The authors promote their methodology for evaluation of wound blood flow as “first in its class”, using absolute objective measurements provided by the SPY-Elite (Novadaq, Bonita Springs, FL, USA) device in their comparison of perfusion outcomes.
However, we caution the authors that quantitative blood flow measurements by plastic surgeons when managing complex wound closure situations during breast reconstructions have been well described for nearly a decade. A quantitative threshold of 23.8 arbitrary perfusion units for partial thickness necrosis using the SPY-Elite was validated by Phillips and colleagues [5] in 2014. We further believe that an acute analysis of staple and suture closure with ICG angiography assesses vasospastic, traumatized tissue, which may be a poor predictor of long-term skin survival. If the pure vascular changes associated with wound closure are sought, analysis longer than 1 hour after the procedure may be more representative of actual tissue blood flow. Wound closure essentially creates a “second hit” trauma to the local tissue and could further influence perfusion analysis. We also propose that decreased perfusion away from the incision portends a higher potential for necrosis at the wound edge, as this is where the blood flow to the incision originates. Finally, visible sutures and staples serve as signal artifacts that may skew local and region-of-interest tissue measurements.

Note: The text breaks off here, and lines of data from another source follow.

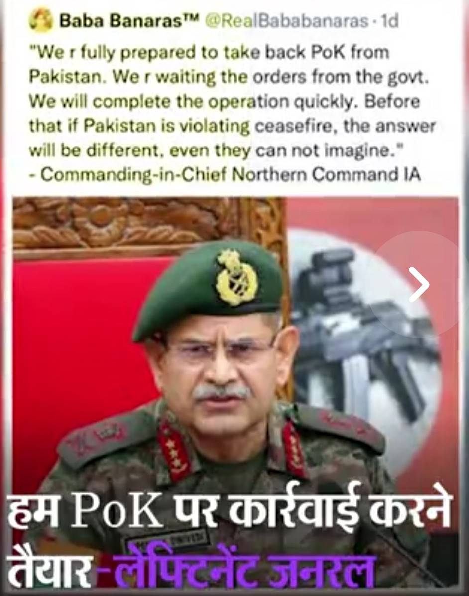 दरअसल, लेफ्टिनेंट जनरल उपेंद्र द्विवेदी ने 22 नवंबर को कहा था कि सरकार आदेश दे तो हम पाकिस्तान के कब्जे वाले कश्मीर (POK) को वापस लेने के लिए तैयार हैं।
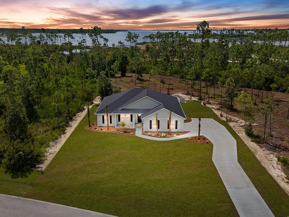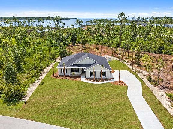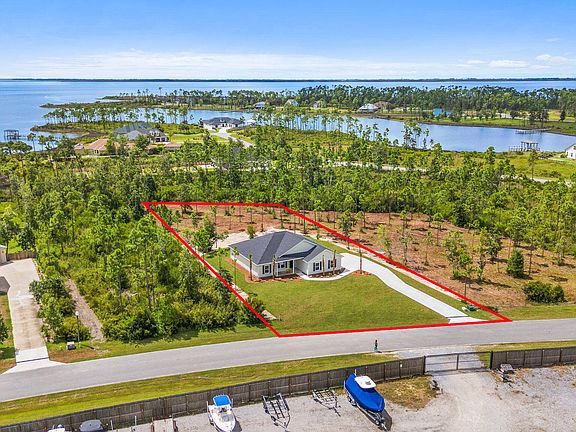 A New Custom Build in the desirable Laird Bayou! Construction is now complete, and it is ready to call Home. Attention to detail and quality of construction is on display from the moment you arrive. The estate size lot allows the home to sit back off the street, giving it amazing curb appeal. Beautiful Hardie siding and a side entrance, two car garage. Enter into an open concept floor plan that features 9ft ceilings throughout the home, along with trayed ceilings, crown molding, and recessed lighting. Main space is bright and airy with plenty of natural light. Craftsman trim and a designer lighting package. A stunning kitchen boasting custom wood cabinetry, quartz countertops, and a large island overlooking the living space. All soft close doors and drawers, walk in pantry and a stainless-steel appliance package, builder spared no expense when designing. Plenty of room for a formal dining table right off the kitchen. This home features luxury vinyl plank throughout the entire home, no carpet. The split floorplan gives additional privacy to the master suite. The master bedroom is very spacious and the master bath offers double vanities with quartz countertops, an amazing custom tile shower, and tile flooring. Walk-in closet is in the master bath adding great convenience. All three guestrooms are nice sized with nice closets. The guest bath also has a quartz countertop and a large vanity. All the fans in the home have remotes but is also prewired for conventional fans and separate lighting. The back door is off the living space which leads to the covered patio space overlooking the backyard. The lot is huge at .798 of an acre, giving plenty of space and privacy. Other features include a high-end water filtration system, deep well, and an irrigation system. No water bills to worry about. Laird Bayou is a gated, waterfront community featuring custom homes throughout. There is a private boat launch inside the community that all residents have access to. No need to wait in long lines at the marina to launch on a Saturday morning. Just seconds to East Bay and a short boat ride to the Gulf of Mexico. It even has a fish cleaning station on the dock and a hose to spray off the trailer after retrieving. Other amenities include the gates, mail kiosk, pool w/ bathhouse, and RV/Boat storage. Laird Bayou has ribbon curbed streets and underground electric. It offers the perfect blend of privacy and proximity. Just a short drive to Tyndall Air Force Base, 30 minutes to Mexico Beach and 40 Minutes to Panama City Beach. 1 Year Builders warranty. This home is a must see. Schedule your visit today.
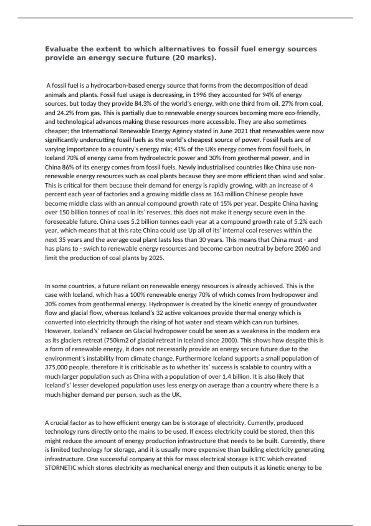 The 20 mark question is evaluate the extent to which alternatives to fossil fuel energy sources provide an energy secure future (20 marks). This document provides an answer which achieved full marks upon this question. It also is an example of a clear and transferable structure for any evaluate 20 mark geography question.
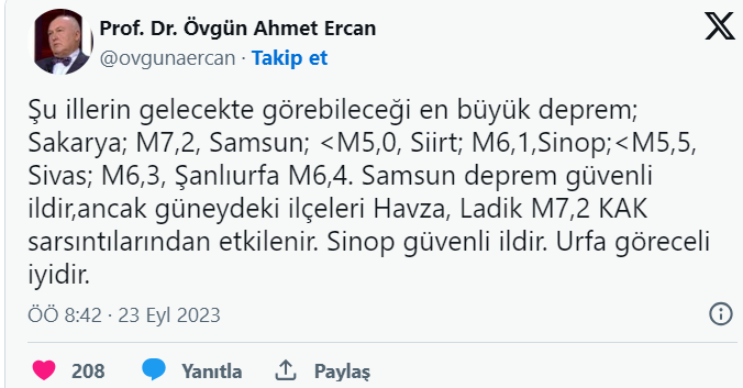 “Şu illerin gelecekte görebileceği en büyük deprem; Sakarya; M7,2, Samsun;
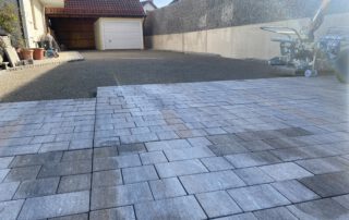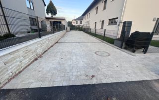Die eigentliche Verlegung der Pflastersteine erfolgt in verschiedenen Verlegemustern, je nach Kundenwunsch und gewünschtem Erscheinungsbild. Dabei werden die Steine präzise und gleichmäßig verlegt, um eine ebene und ansprechende Oberfläche zu schaffen.
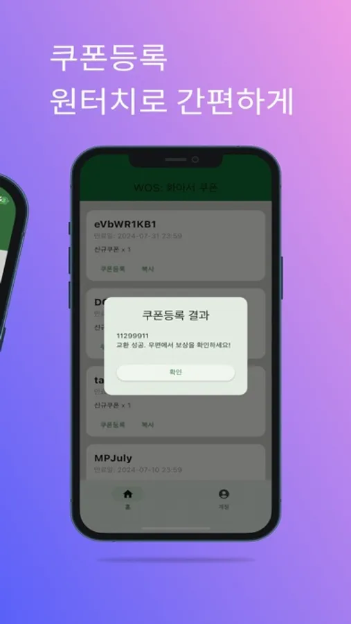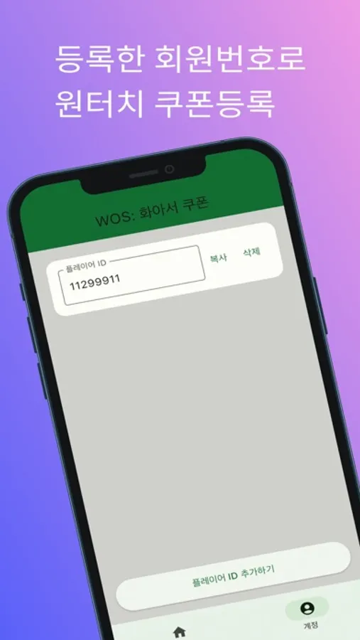 여러개의 회원번호를 등록해 두면 터치 한번에 모든 회원번호의 해당 쿠폰이 등록됩니다.
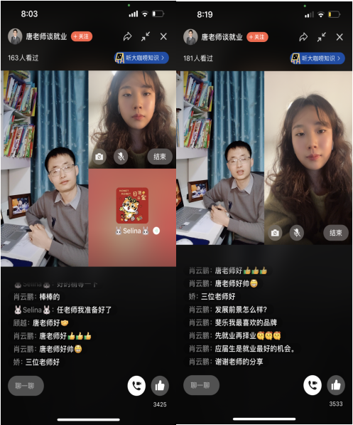 直播活动获得了同学们的好评和点赞,他们纷纷表示收获满满。
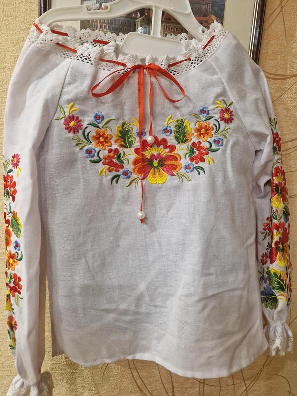 Льняная вышиванка с вышитой юбочкой с необычными рукавами. Надевали несколько раз. Замеры: рукав: 48см, длина изделия: 45см. Юбка: длина 37см, полуобхват талии 22, тянется до 36.
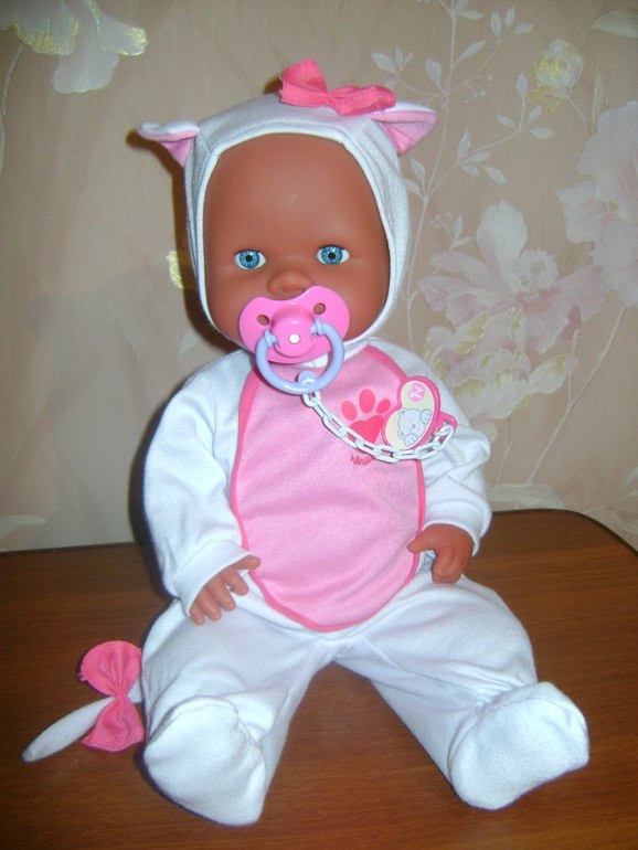 Пупсик имеет размер Беби -Бона около 45см,одет в красивый белый костюм с ушками
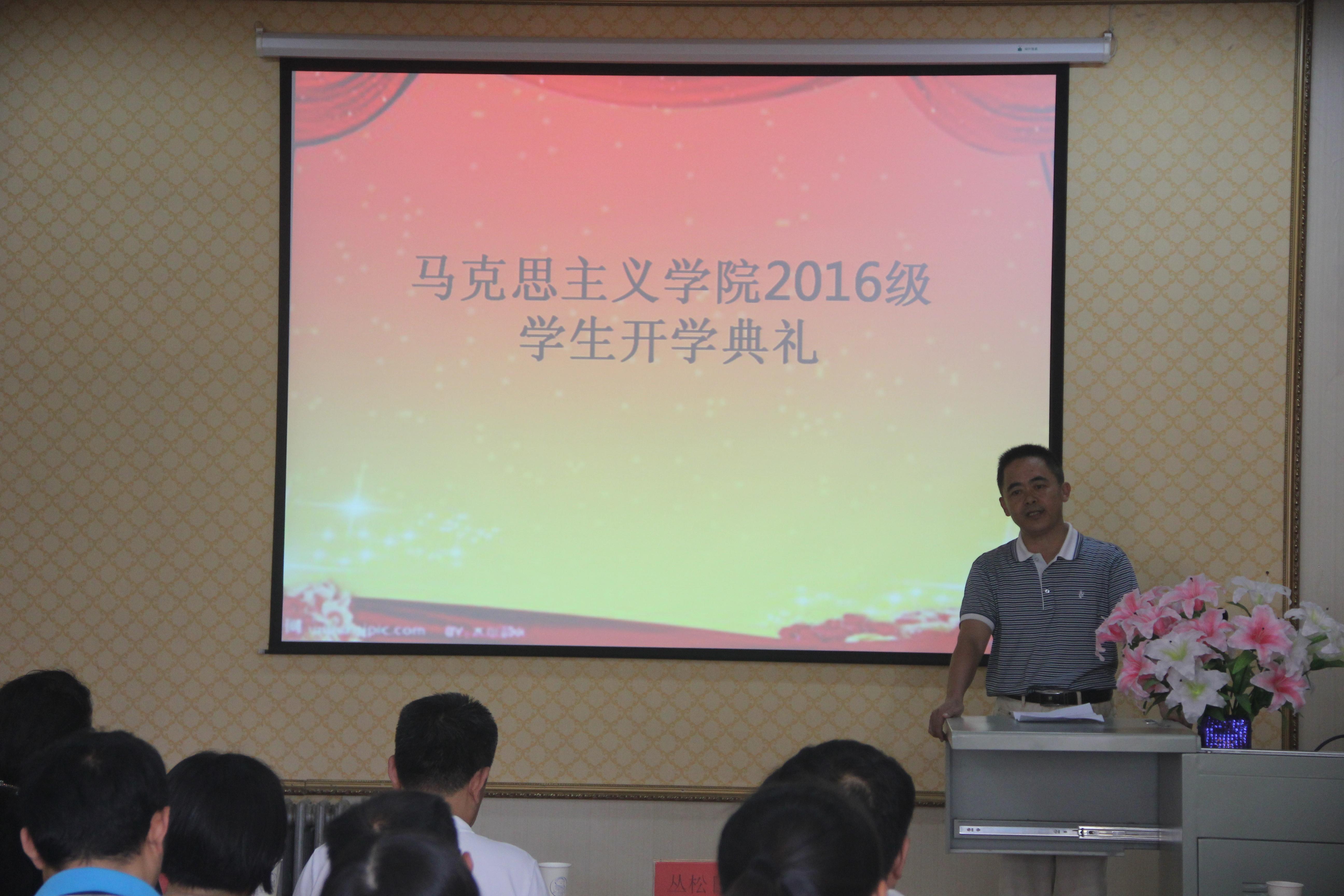 丛松日代表学院向2016级新生表示衷心的祝贺和欢迎。他在简要介绍学院的历史之后,与同学们交流了马克思主义与我国社会主义发展的必然联系,以及马克思主义学科发展的重要意义。他勉励同学们珍惜在青大的宝贵时光,不忘初心,勇往直前。
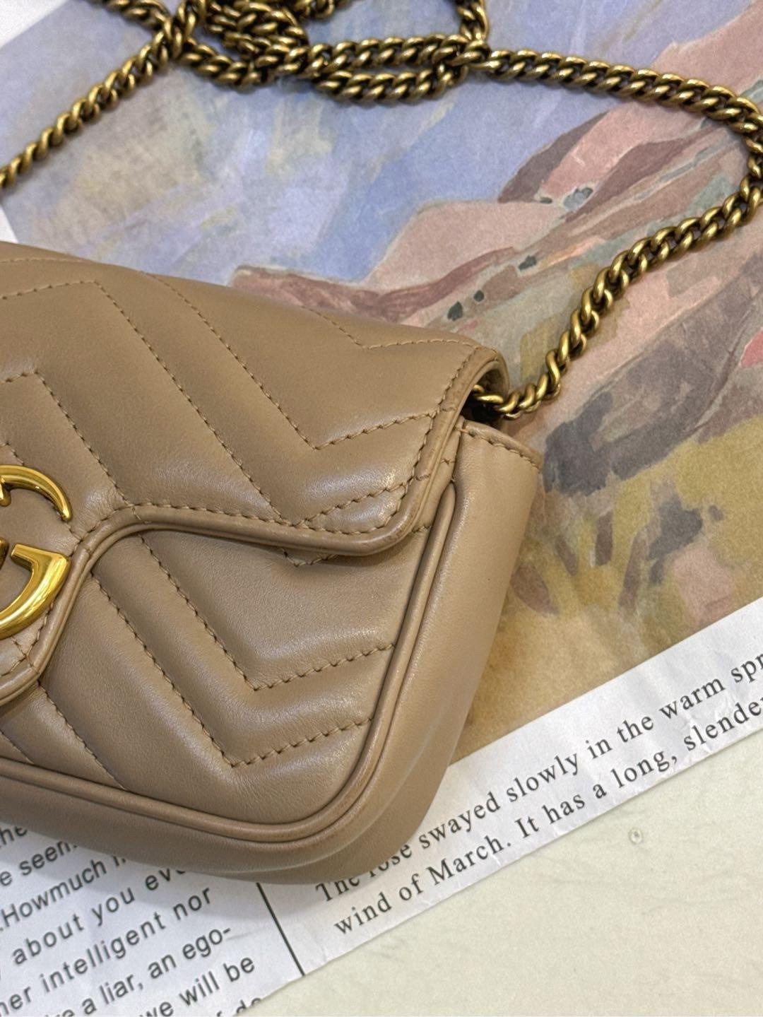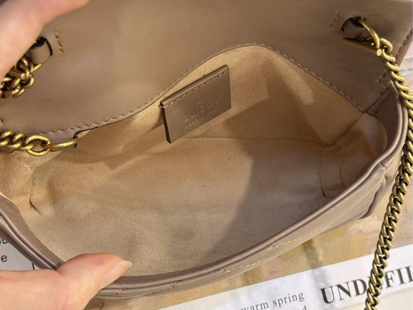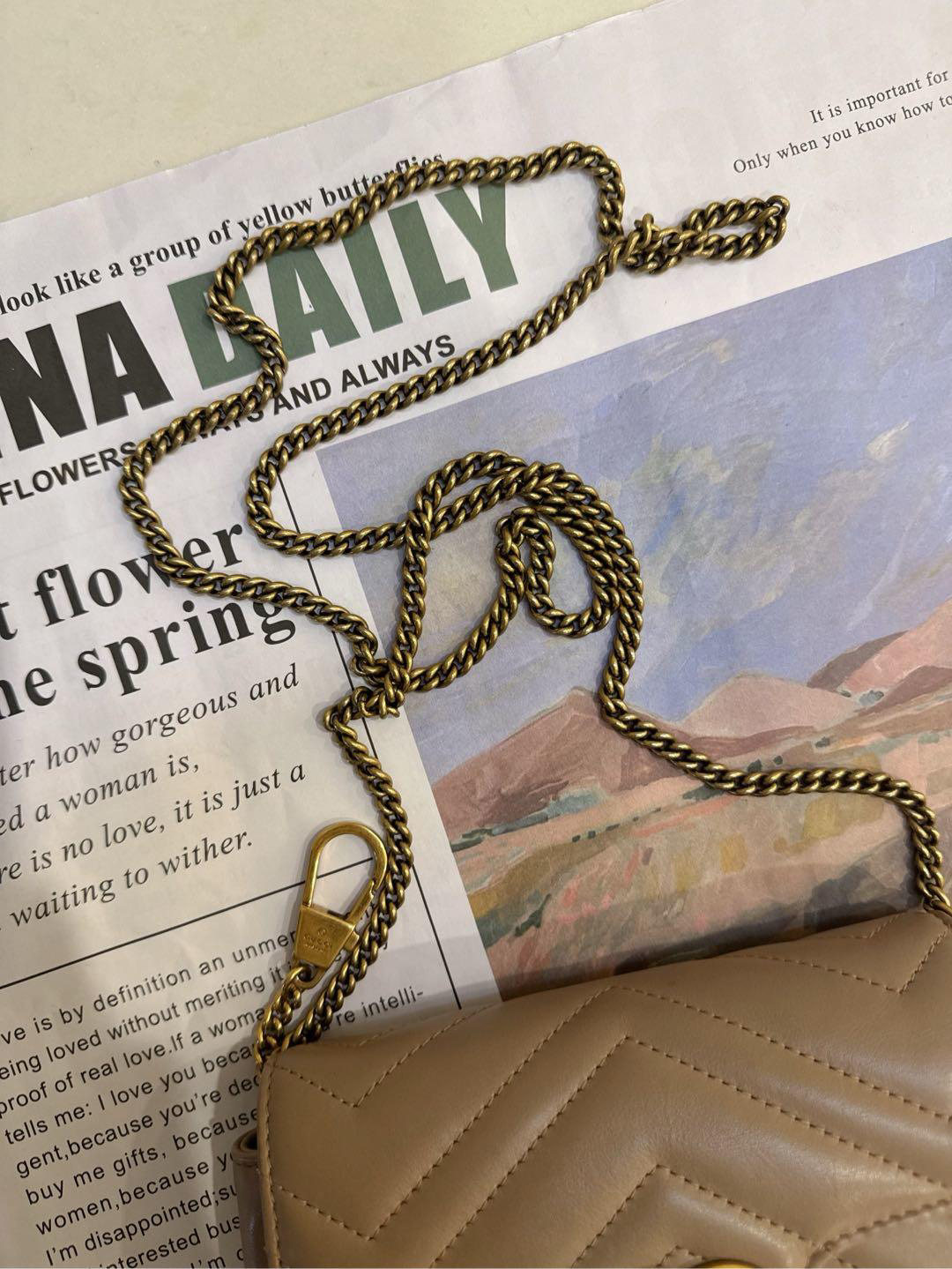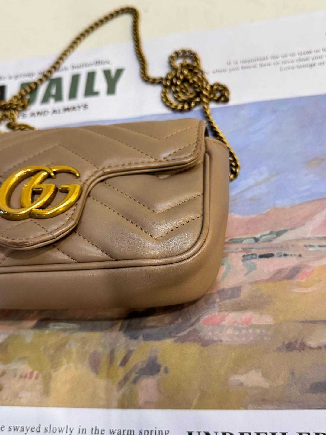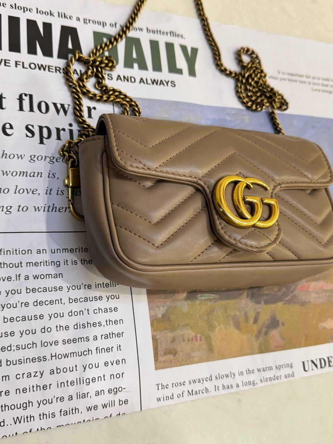 【商品詳情】正品二手 Gucci 马蒙 mini 牛皮 奶茶色 斜挎包🫧95新 17x9 配件:链条 龙虾扣 防尘袋。包边和内里正常使用感。温柔可爱精致

Normalization between samples is a considerable challenge when comparing the quantitative ICG fluorescence of two wounds. While intravenous injection makes the delivery of ICG somewhat more consistent between patients, it does not adequately control for metabolism and tissue thickness. Our group previously proposed using the maximum quantitative blood flow measured in normal tissue within the field of view as a common normalization point [1]. For any points or regions of interest highlighted within an active field, the maximum normal tissue value adjusts for delivery variance, permitting multifield and between-sample comparisons. This has been successfully applied in the quantitative, prognostic evaluation of burn wounds [2], artificial dermis invasion [3], and the diagnosis of early flap venous congestion [4]. We believe that any normalization should be based on prior models, permitting us to avoid reinventing the wheel for ICG angiography in orthopaedics.
We thank Wyles and colleagues for being the first to truly define a utility for ICG angiography in the field of orthopaedic surgery. Improved blood flow is increasingly recognized as a critical factor in the advancement of ideal orthopaedic surgery practices. We hope that the authors will consider the lessons taught by plastic surgeons as they continue to pursue new ways to use this game-changing technology.